El fenómeno de la Dispersión Rayleigh



Para entender este fenómeno físico debemos tener presente que la base se centra en la luz y la longitud de onda. Estos elementos definen la base teórica de la “Dispersión Rayleigh”.

Primero debemos tener claro qué es la luz. La luz es una forma de energía, la cual viaja mediante física electromagnética compuesta por infinidad de diferentes longitudes de onda. Cada longitud de onda representa una intensidad de luz, desde el rojo (la máxima longitud de onda) hasta la violeta (la más corta longitud de onda). Cuando la luz atraviesa medios con partículas o moléculas suspendidas (como podría ser la atmósfera terrestre) la luz queda absorbida y emitida en diferentes direcciones (efecto prisma). Debemos tener presente que la luz puede viajar hasta en el vacío (viaja en línea recta), medio en el cual su color e intensidad no varía y se ve blanca y brillante, pero cuando atraviesa una superficie con diferentes moléculas, la luz pasa por un proceso denominado de dispersión.

La “Dispersión Rayleigh” es un fenómeno físico relacionado con la absorción y dispersión de la luz.

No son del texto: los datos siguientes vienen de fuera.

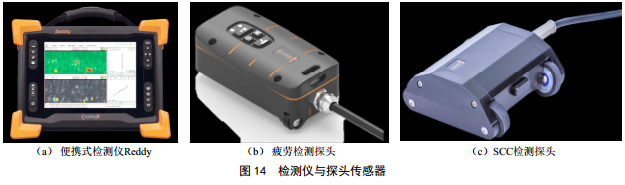 根據(jù)切向渦流原理,提出了一套完整的專用解決方案;設(shè)計(jì)了專為現(xiàn)場(chǎng)使用的便攜式檢測(cè)儀Reddy®;開發(fā)了嵌入式Magnifi軟件;開發(fā)了SharckBW探頭用于管道焊縫的疲勞開裂、 sharck HR探頭用于管道母材的SCC,如圖 14所示。

Este proceso de dispersión se puede explicar siguiendo lo definido hasta ahora: la luz llega hasta una molécula, quedando absorbida y dispersada en otra dirección e intensidad, variando la longitud de onda, y por tanto el color. Este fenómeno es conocido como “Dispersión Rayleigh”, en honor al físico inglés ganador de un premio Nobel, Lord John Strutt Rayleigh, que entorno a 1870 descubrió este efecto lumínico.

De esta manera, la “Dispersión Rayleigh” define y da respuesta a diferentes fenómenos lumínicos, siendo el más importante el color del cielo. Las ondas de luz que llegan del Sol y atravesar la atmósfera son absorbidas por las moléculas suspendidas, acto seguido son dispersadas en longitudes de onda mucho más cortas, en especial en azul celeste. Al bajar el Sol hacía el horizonte, la luz debe atravesar más elementos en suspensión y la dispersión se acentúa, ampliando la longitud de onda y por ende el color de la luz, pasando a colores asociados a esa longitud más larga (amarillo, naranja o rojo).

El color azul celeste del cielo se debe al fenómeno conocido como “Dispersión Rayleigh”.